### [Problem statement]
The data below holds the lines to copy: everything from the line containing "По словам заместителя" to the line containing "待ちに待った読み聞かせの時間", both ends included, set down exactly.

### [Exercise data]
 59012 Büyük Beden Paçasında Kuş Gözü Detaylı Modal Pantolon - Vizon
--
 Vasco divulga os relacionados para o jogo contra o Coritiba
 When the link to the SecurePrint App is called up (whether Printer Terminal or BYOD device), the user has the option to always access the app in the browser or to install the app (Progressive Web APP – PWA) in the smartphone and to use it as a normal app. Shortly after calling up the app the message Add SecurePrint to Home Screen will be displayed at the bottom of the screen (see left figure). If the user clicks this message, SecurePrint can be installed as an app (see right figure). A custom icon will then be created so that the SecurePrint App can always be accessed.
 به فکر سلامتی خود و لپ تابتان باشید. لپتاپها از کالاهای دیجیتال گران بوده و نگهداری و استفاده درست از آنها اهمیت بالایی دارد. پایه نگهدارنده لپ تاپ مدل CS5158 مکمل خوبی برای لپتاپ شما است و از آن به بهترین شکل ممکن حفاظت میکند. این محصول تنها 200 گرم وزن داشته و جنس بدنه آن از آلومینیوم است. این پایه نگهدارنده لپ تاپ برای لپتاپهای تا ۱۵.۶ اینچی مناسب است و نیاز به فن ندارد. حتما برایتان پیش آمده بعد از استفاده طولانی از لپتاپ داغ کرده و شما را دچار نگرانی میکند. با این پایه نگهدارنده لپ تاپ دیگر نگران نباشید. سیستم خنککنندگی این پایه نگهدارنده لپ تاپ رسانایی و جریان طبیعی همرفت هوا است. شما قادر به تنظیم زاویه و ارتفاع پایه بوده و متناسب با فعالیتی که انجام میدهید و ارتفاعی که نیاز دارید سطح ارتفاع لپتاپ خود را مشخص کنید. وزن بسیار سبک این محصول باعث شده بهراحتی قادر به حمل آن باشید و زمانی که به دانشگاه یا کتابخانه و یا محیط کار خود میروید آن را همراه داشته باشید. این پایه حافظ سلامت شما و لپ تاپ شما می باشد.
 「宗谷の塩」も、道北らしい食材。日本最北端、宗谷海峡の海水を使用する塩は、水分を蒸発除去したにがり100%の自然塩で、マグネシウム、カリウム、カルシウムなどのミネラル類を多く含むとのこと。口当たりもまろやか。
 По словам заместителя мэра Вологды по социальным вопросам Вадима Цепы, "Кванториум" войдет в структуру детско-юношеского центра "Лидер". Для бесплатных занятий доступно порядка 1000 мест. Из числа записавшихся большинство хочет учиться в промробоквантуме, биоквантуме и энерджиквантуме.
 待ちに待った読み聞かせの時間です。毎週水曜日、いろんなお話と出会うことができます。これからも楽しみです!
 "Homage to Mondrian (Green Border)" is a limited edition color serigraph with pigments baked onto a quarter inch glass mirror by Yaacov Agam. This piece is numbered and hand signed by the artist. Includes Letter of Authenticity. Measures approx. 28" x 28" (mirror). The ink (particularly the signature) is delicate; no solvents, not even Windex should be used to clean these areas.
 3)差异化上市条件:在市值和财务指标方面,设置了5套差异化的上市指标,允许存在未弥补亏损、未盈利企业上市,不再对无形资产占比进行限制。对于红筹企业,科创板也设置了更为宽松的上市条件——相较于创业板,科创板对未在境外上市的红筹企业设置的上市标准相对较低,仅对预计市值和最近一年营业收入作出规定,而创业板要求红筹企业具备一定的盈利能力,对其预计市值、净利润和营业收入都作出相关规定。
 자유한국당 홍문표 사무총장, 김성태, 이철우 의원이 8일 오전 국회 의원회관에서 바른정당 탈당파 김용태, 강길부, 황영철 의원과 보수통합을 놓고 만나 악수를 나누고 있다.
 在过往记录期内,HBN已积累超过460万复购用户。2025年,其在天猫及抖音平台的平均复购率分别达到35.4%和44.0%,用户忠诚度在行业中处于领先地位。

### [Answer box]
 По словам заместителя мэра Вологды по социальным вопросам Вадима Цепы, "Кванториум" войдет в структуру детско-юношеского центра "Лидер". Для бесплатных занятий доступно порядка 1000 мест. Из числа записавшихся большинство хочет учиться в промробоквантуме, биоквантуме и энерджиквантуме.
 待ちに待った読み聞かせの時間です。毎週水曜日、いろんなお話と出会うことができます。これからも楽しみです!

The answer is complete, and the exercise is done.